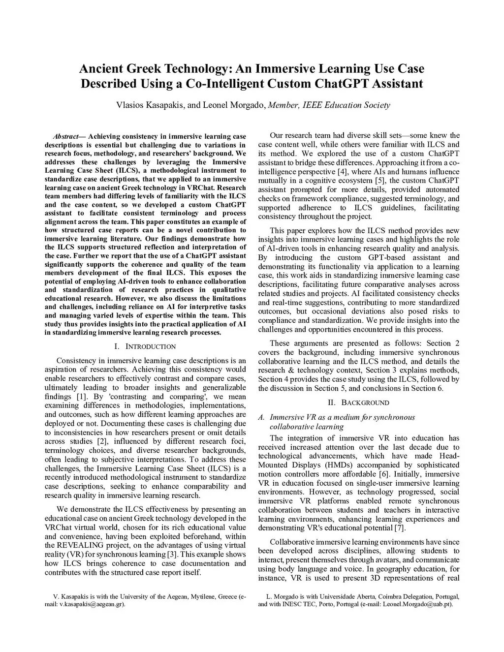 Ancient Greek Technology: An Immersive Learning Use Case Described Using a Co-Intelligent Custom ChatGPT Assistant
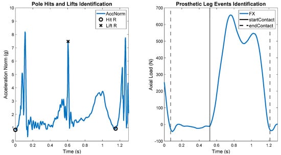 Four event types were identified for each poling cycle in each trial (Figure 3): pole hit, pole lift, the start of foot contact phase and the end of foot contact phase (corresponding to the end of the foot swing phase and its start, respectively). The norm of the acceleration signal from the right wrist’s IMU was used to identify the pole hit and pole lift events as follows. When the pole comes to the ground, a peak in the acceleration norm is observed [36]. A second peak appears in the signal when the wrist is raised to lift the pole [36]. Accordingly, the detection of the hit peaks was conducted using a threshold-based method [36]. Similarly, the lift peak was identified by locating the maximum acceleration norm within a trial-specific frame window, starting from the previously identified hit indices [36].
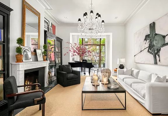 Stunning Townhouse off Park Avenue 115 East 38th Street is a stunning, 6-story, fully renovated elevator townhouse located in the Murray Hill Historic District just off Park Avenue. Behind its French Second Empire facade (c.1864) is over 6,300 square feet of gorgeous, lovingly maintained interiors and luxurious finishes amid graceful proportions, 12-foot ceilings and abundant light. Meticulously renovated in 2016 with 6 wood-burning fireplaces and state-of-the-art mechanical systems, this townhouse's beauty lies in its striking architectural details: a stunning brass raised-paneled elevator door; a sinuous ebonized elliptical stair spiraling up 5 stories; French doors from the living room opening up onto a balcony overlooking the beautifully landscaped garden. The ground floor's fully open plan features a gracious and professionally equipped kitchen with eat-in banquette, a formal dining room and a media/family room that opens out into the lush garden with ample room for outdoor entertaining. A grand parlor floor features a south-facing library adjacent to the elegant entry gallery and a grand living room with a fireplace, a carved marble mantlepiece and a wall of French doors opening onto a balcony overlooking the garden. The entire third floor makes up the luxurious primary bedroom suite and includes a dressing room with extensive custom built-in closet millwork and a large, lavish marble-clad bathroom with two sinks, a floating bathtub and steam shower. Bathroom fixtures throughout the house are in a classic antiqued brass from Waterworks. Three additional floors include 4 bedrooms all with en-suite bathrooms, a laundry room, and a sixth floor library with a fireplace and wet bar opening out onto the large terrace perfect for twilight entertaining. Distinguished by an open and airy floor plan, with 3 distinct outdoor spaces totalling over 1,000 SF and stunning views of the Empire State & Chrysler Buildings, 115 east 38th Street unifies under one roof the best of classic townhouse living with modern amenities and systems. 115 East 38th Street is located on a beautiful townhouse block just off Park Avenue and close to Bryant Park, Scandinavia House, The Morgan Library, and Grand Central Station.
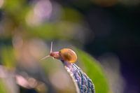 close up van een huisjesslak die op het uiterste puntje van een blad zit, met een zonnige bokeh achtergrond
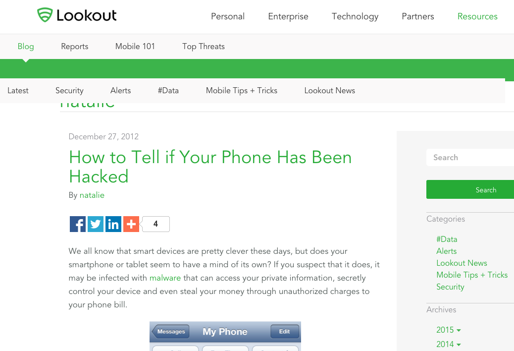 I produced articles on the Lookout tech security blog, as well as maintained and contributed to its editorial calendar, working with staff writers and also writing my own articles.
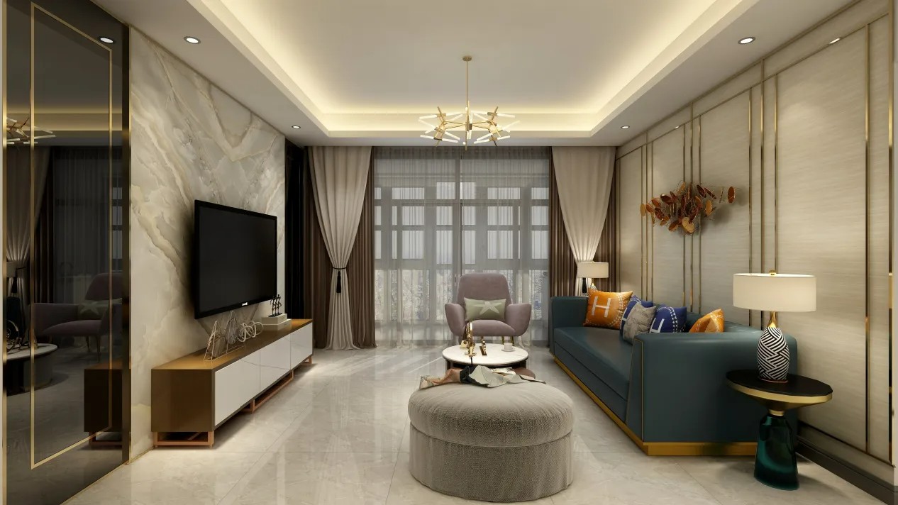 客厅采用暖色调,带有轻微的欧式造型来点缀
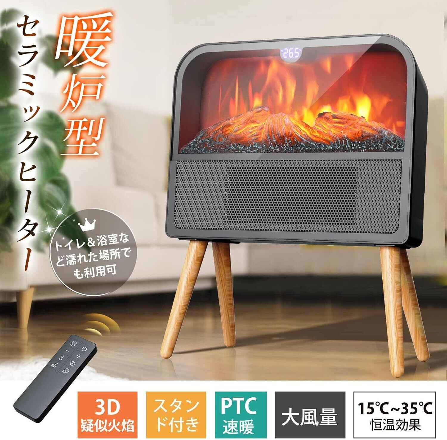 防湿スタンド付き&トイレ/浴室対応】革新的な木質スタンドとのデザイン、優れた耐久性木材と環境に優しい防水塗料を採用され、よく濡れた地面でも本製品のセラミックヒーターを置いて利用できるし、転倒保護安全装置付き、リビングだけでなくトイレ、浴室、洗面所、キッチンなど場所でトイレヒーター、浴室ヒーターとしても大活躍。
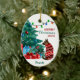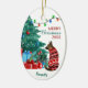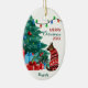 An der Vorderseite dieses Holiday-Ornament steht ein Bild eines deutschen Schäferhundes, der in einem rot-weißen Winterzeitpulli gekleidet ist. Der Hund blickt auf einen geschmückten Weihnachtsbaum mit Geschenkpackungen daneben. Eine Reihe von Lichtern ist überladen. Ihr benutzerdefinierter Text ist in 4 leicht zu ändernden Feldern unterteilt. Die Rückseite des Ornaments hat das gleiche Bild mit zwei weiteren Textfeldern. Zurzeit steht auf der Rückseite "Happy New Year".
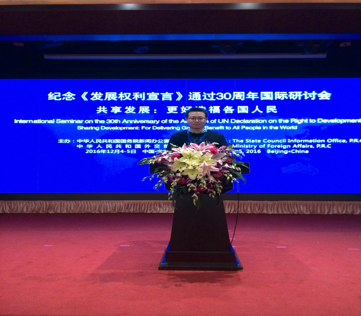 政治与国际关系学院教师张弦博士作为华中地区高校代表受邀参与本次会议,并宣读了题为《国家人权行动计划(2016-2020)与发展权的实现》的会议论文。文章认为,在纪念联合国《发展权利宣言》通过30周年之际,中国政府对外发布了新一期《国家人权行动计划(2016-2020年)》,这是一件有重大意义的历史性事件。通过全面对接联合国“可持续发展目标”(SDGs)、强调国际交流与合作以及突出工商业与人权保护,新一期《国家人权行动计划》有力地促进了均衡、共同以及负责任的发展,从而推动发展权的进一步实现。同时,新一期《国家人权行动计划》的发布,充分彰显了中国作为负责任大国积极主动参与全球治理、创造互利共赢政经新秩序的立场和愿景。张弦博士的发言得到了与会者的积极评价和高度肯定。
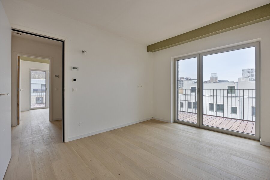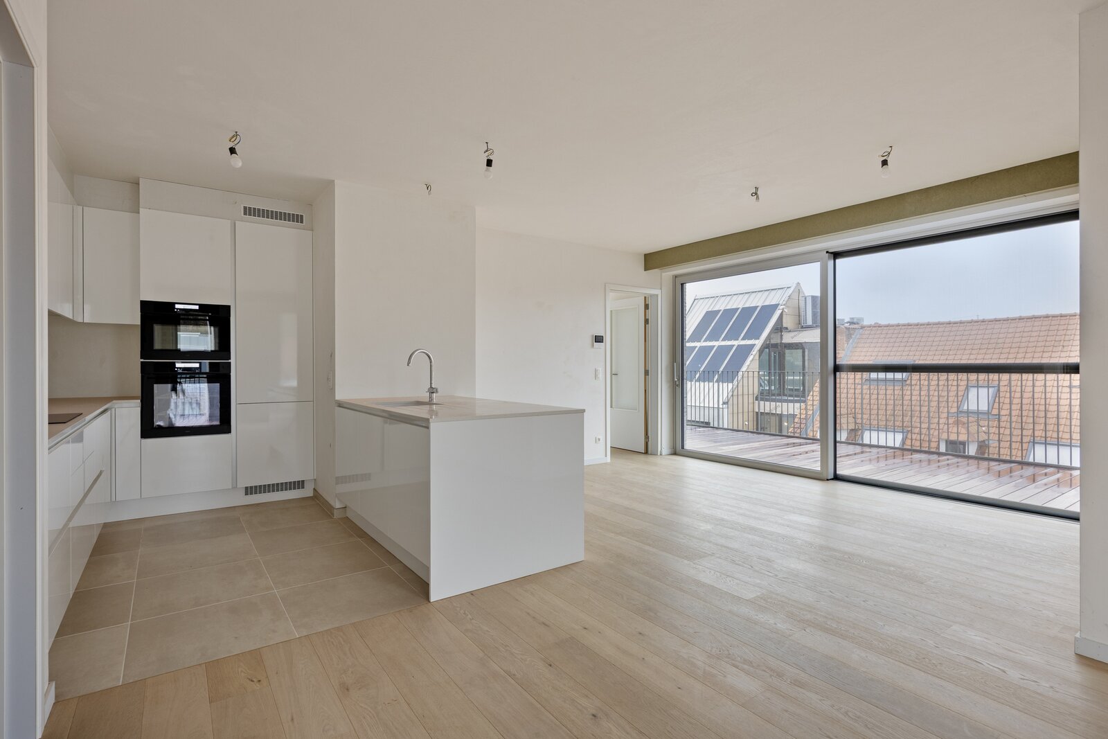 Nieuwbouw penthouse met ruime leefruimte die via schuiframen toegang geeft tot het grote terras met panoramisch zicht. Verder zijn er 2 slaapkamers met badkamer of doucheruimte, dressing , volledig ingerichte open keuken, gastentoilet en berging,
━━━━━━
**Exercise:** Give back the material word for word, without images.

**Solution to the problem:**
 Ancient Greek Technology: An Immersive Learning Use Case Described Using a Co-Intelligent Custom ChatGPT Assistant
 Four event types were identified for each poling cycle in each trial (Figure 3): pole hit, pole lift, the start of foot contact phase and the end of foot contact phase (corresponding to the end of the foot swing phase and its start, respectively). The norm of the acceleration signal from the right wrist’s IMU was used to identify the pole hit and pole lift events as follows. When the pole comes to the ground, a peak in the acceleration norm is observed [36]. A second peak appears in the signal when the wrist is raised to lift the pole [36]. Accordingly, the detection of the hit peaks was conducted using a threshold-based method [36]. Similarly, the lift peak was identified by locating the maximum acceleration norm within a trial-specific frame window, starting from the previously identified hit indices [36].
 Stunning Townhouse off Park Avenue 115 East 38th Street is a stunning, 6-story, fully renovated elevator townhouse located in the Murray Hill Historic District just off Park Avenue. Behind its French Second Empire facade (c.1864) is over 6,300 square feet of gorgeous, lovingly maintained interiors and luxurious finishes amid graceful proportions, 12-foot ceilings and abundant light. Meticulously renovated in 2016 with 6 wood-burning fireplaces and state-of-the-art mechanical systems, this townhouse's beauty lies in its striking architectural details: a stunning brass raised-paneled elevator door; a sinuous ebonized elliptical stair spiraling up 5 stories; French doors from the living room opening up onto a balcony overlooking the beautifully landscaped garden. The ground floor's fully open plan features a gracious and professionally equipped kitchen with eat-in banquette, a formal dining room and a media/family room that opens out into the lush garden with ample room for outdoor entertaining. A grand parlor floor features a south-facing library adjacent to the elegant entry gallery and a grand living room with a fireplace, a carved marble mantlepiece and a wall of French doors opening onto a balcony overlooking the garden. The entire third floor makes up the luxurious primary bedroom suite and includes a dressing room with extensive custom built-in closet millwork and a large, lavish marble-clad bathroom with two sinks, a floating bathtub and steam shower. Bathroom fixtures throughout the house are in a classic antiqued brass from Waterworks. Three additional floors include 4 bedrooms all with en-suite bathrooms, a laundry room, and a sixth floor library with a fireplace and wet bar opening out onto the large terrace perfect for twilight entertaining. Distinguished by an open and airy floor plan, with 3 distinct outdoor spaces totalling over 1,000 SF and stunning views of the Empire State & Chrysler Buildings, 115 east 38th Street unifies under one roof the best of classic townhouse living with modern amenities and systems. 115 East 38th Street is located on a beautiful townhouse block just off Park Avenue and close to Bryant Park, Scandinavia House, The Morgan Library, and Grand Central Station.
 close up van een huisjesslak die op het uiterste puntje van een blad zit, met een zonnige bokeh achtergrond
 I produced articles on the Lookout tech security blog, as well as maintained and contributed to its editorial calendar, working with staff writers and also writing my own articles.
 客厅采用暖色调,带有轻微的欧式造型来点缀
 防湿スタンド付き&トイレ/浴室対応】革新的な木質スタンドとのデザイン、優れた耐久性木材と環境に優しい防水塗料を採用され、よく濡れた地面でも本製品のセラミックヒーターを置いて利用できるし、転倒保護安全装置付き、リビングだけでなくトイレ、浴室、洗面所、キッチンなど場所でトイレヒーター、浴室ヒーターとしても大活躍。
 An der Vorderseite dieses Holiday-Ornament steht ein Bild eines deutschen Schäferhundes, der in einem rot-weißen Winterzeitpulli gekleidet ist. Der Hund blickt auf einen geschmückten Weihnachtsbaum mit Geschenkpackungen daneben. Eine Reihe von Lichtern ist überladen. Ihr benutzerdefinierter Text ist in 4 leicht zu ändernden Feldern unterteilt. Die Rückseite des Ornaments hat das gleiche Bild mit zwei weiteren Textfeldern. Zurzeit steht auf der Rückseite "Happy New Year".
 政治与国际关系学院教师张弦博士作为华中地区高校代表受邀参与本次会议,并宣读了题为《国家人权行动计划(2016-2020)与发展权的实现》的会议论文。文章认为,在纪念联合国《发展权利宣言》通过30周年之际,中国政府对外发布了新一期《国家人权行动计划(2016-2020年)》,这是一件有重大意义的历史性事件。通过全面对接联合国“可持续发展目标”(SDGs)、强调国际交流与合作以及突出工商业与人权保护,新一期《国家人权行动计划》有力地促进了均衡、共同以及负责任的发展,从而推动发展权的进一步实现。同时,新一期《国家人权行动计划》的发布,充分彰显了中国作为负责任大国积极主动参与全球治理、创造互利共赢政经新秩序的立场和愿景。张弦博士的发言得到了与会者的积极评价和高度肯定。
 Nieuwbouw penthouse met ruime leefruimte die via schuiframen toegang geeft tot het grote terras met panoramisch zicht. Verder zijn er 2 slaapkamers met badkamer of doucheruimte, dressing , volledig ingerichte open keuken, gastentoilet en berging,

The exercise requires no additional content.